Some offer certs, don't know who or what certifies them but I had one for a few years that gave me a sort of 'cert' each year, can't even remember now what it looked like, he disappeared off scene anyway and the regular guy now just turns up with his plain van and no paper/receipts/certs!
I assume they mean HETAS certification which is a UK based training system for stove installers. Would be common amongst chimney specialists here.
 
Is the general assertion here that the internal pollution of a closed stove is equivalent to a traditional open fire ?.
Sorry, that doesnt standup to common sense.
if a person is switching from a 20% open chimney, to 80% efficient closed stove heater , to produce same amount of heat , which needs very occasionally refulling, the amount of pollution experienced by the dwelling inhabitants is clearly reduced.
FWIW the study most of the recent news is based on is here
Its based on evidence from Denmark and lab studies and the relevant detail on page 6
Basically a stove installed before about 5 years ago would have 150 pm2.5 g pollutant per GJ house heating compared to 0.6g for gas boiler.

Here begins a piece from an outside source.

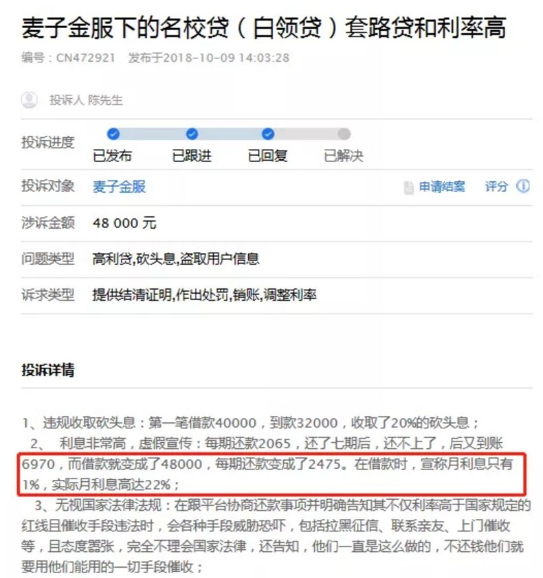 于是乎,在2017年麦子金服也宣布,停止“名校贷”业务,开始往“白领贷”等新业务发展,但其后白领贷又被诉涉嫌套路贷,变相收取高额砍头息、暴力催收等,最终也搞不下去了。
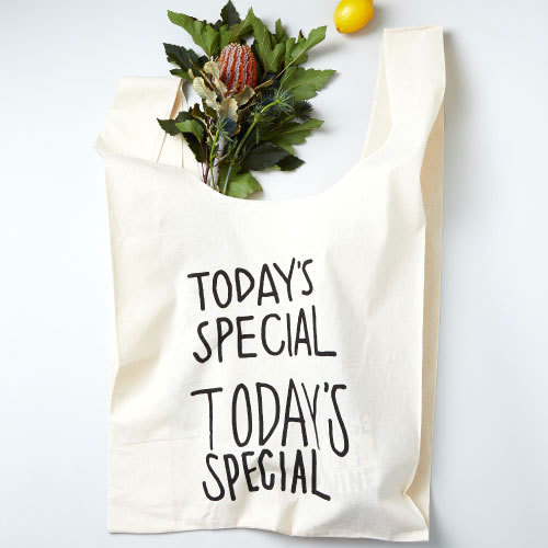 TODAY'S SPECIALは、おしゃれな食器や雑貨など、上質な暮らしを叶えてくれるアイテムがあれこれ見つかる素敵なショップ。手描き風のロゴがおしゃれな定番のマルシェバッグは、オリジナル商品の中でも特に人気を集めるアイテム。

Oil boiler has 0.1g. Open fire would have 1367g, wood pellet boiler has 55g and heat pump 1g.

So yes, the reduction over an open fire is considerable - 150g rather than 1367g. And I'm hearing people taking what they are hearing in the press to mean that burning in an open fire is somehow "safer" which is clearly not true. And I presume don't know if this is controlled for fuel quality - Mickey burning the half dried bits of last years ash tree is clearly going to emit far more PM2.5 than a controlled fuel with under 20% moisture content.
 
But some people who install them do so in homes that otherwise would have very poor or inefficient heating (i.e. electric storage or panel heaters). I don't know if the impact of that is taken into account, or if people scared of stoves might resort to burning open fires in the wrong headed belief that stoves (and not the combustion process) are the problem.
The main concern raised in the ongoing debate in the UK is the number of them being installed in new builds for largely aesthetic reasons. Just 8% of the population there have wood buring stoves, but they are responsible for 38% of PM 2.5.